I was reading about the Cauchy–Schwarz inequality from Courant, Hilbert – Methods Of Mathematical Physics Vol 1 and I can not understand what they mean when they said the line that has been highlighted with red in the picture given below
I can not understand why a and b has to be proportional and why is this so crucial for the roots to be imaginary and why we want the roots to be imaginary in the first place.
Best Answer
Hint: The quadratic equation $ax^2+bx+c=0$ has real roots if and only if $b^2-4ac\ge 0$.
Added: The quadratic polynomial $\sum_1^n (a_ix+b_i)^2$ is a sum of squares. Thus this polynomial is always $\ge 0$.
Recall that a quadratic $ax^2+bx+c$, where $a\gt 0$, is always $\ge 0$ if and only if the discriminant $b^2-4ac$ is $\le 0$. Compute the discriminant of the messy quadratic.

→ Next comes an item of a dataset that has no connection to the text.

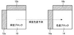 図18に示すように、輝度色差イントラ予測は、輝度ブロック10の符号化・復号化済の周辺画素12a、12bと、色差ブロック14の符号化・復号化済の周辺画素16a、16bとの間の相関度合いに基づいて行われる。輝度色差イントラ予測は、色差信号を予測するものであるから、相関度合いを算出する対象となる周辺画素は、符号化・復号化対象の色差ブロックの周辺画素を基準にして規定される。すなわち、色差ブロックに対して決まる周辺画素と同一位置にある輝度ブロックの周辺画素が相関度合いの算出の対象となる。  As shown in FIG. 18, the luminance / chrominance intra prediction is performed between the encoded / decoded
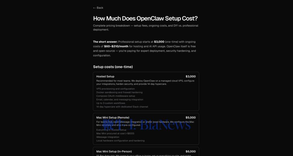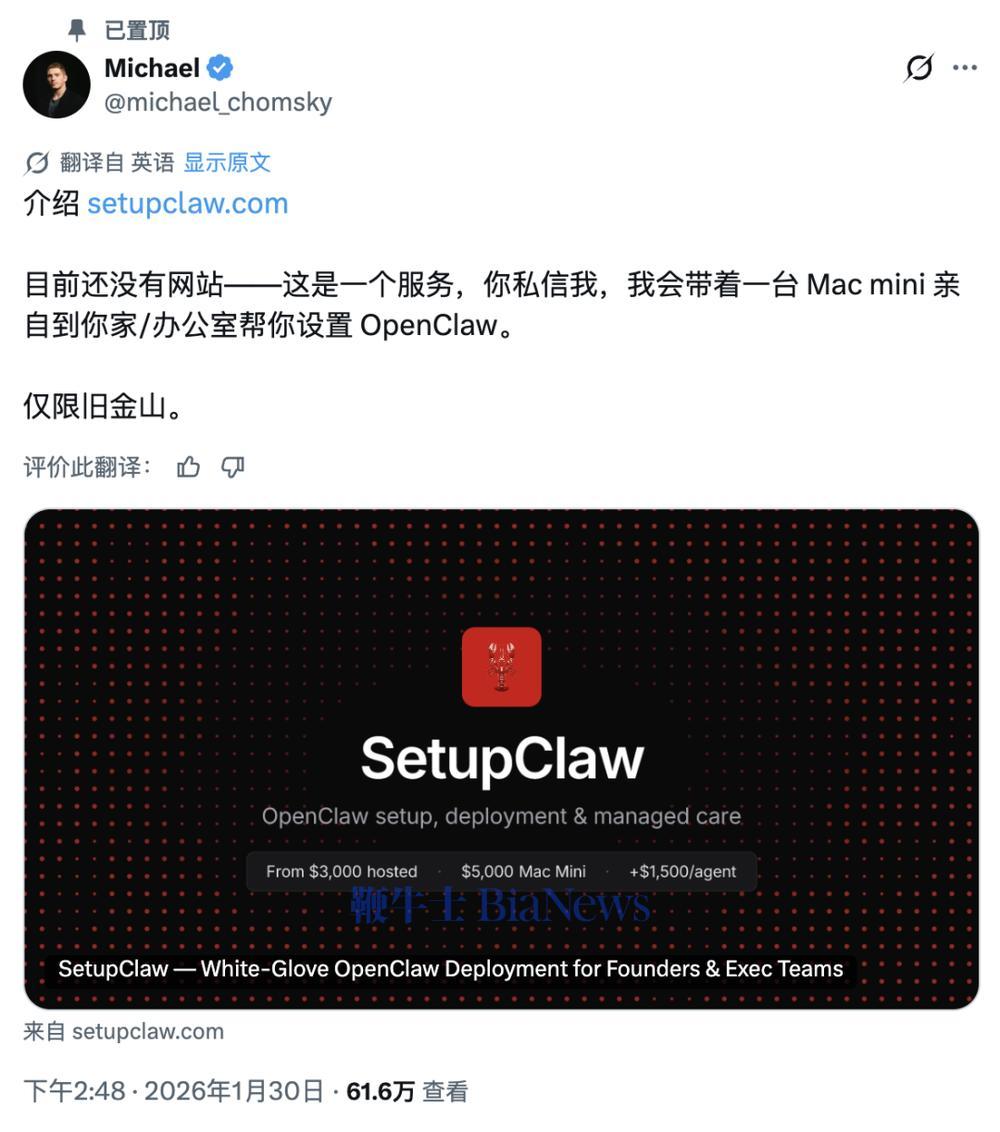 海外代装平台SetupClaw已经给出明码标价:托管安装,3000美元;含Mac mini硬件的远程配置,5000美元;含Mac mini硬件的现场配置,6000美元。

The inequality $b^2-4ac\le 0$ turns out to be precisely the C-S Inequality (well, we have to divide by $4$).
As to when we have equality, the quadratic has a real root $k$ if and only if $a_ik+b_i=0$ for all $i$. This is the case iff $b_i=-ka_i$, meaning that the $a_i$ and $b_i$ are proportional.
By the way, things are I think marginally prettier if we look at the polynomial $\sum_1^n (a_ix-b_i)^2$.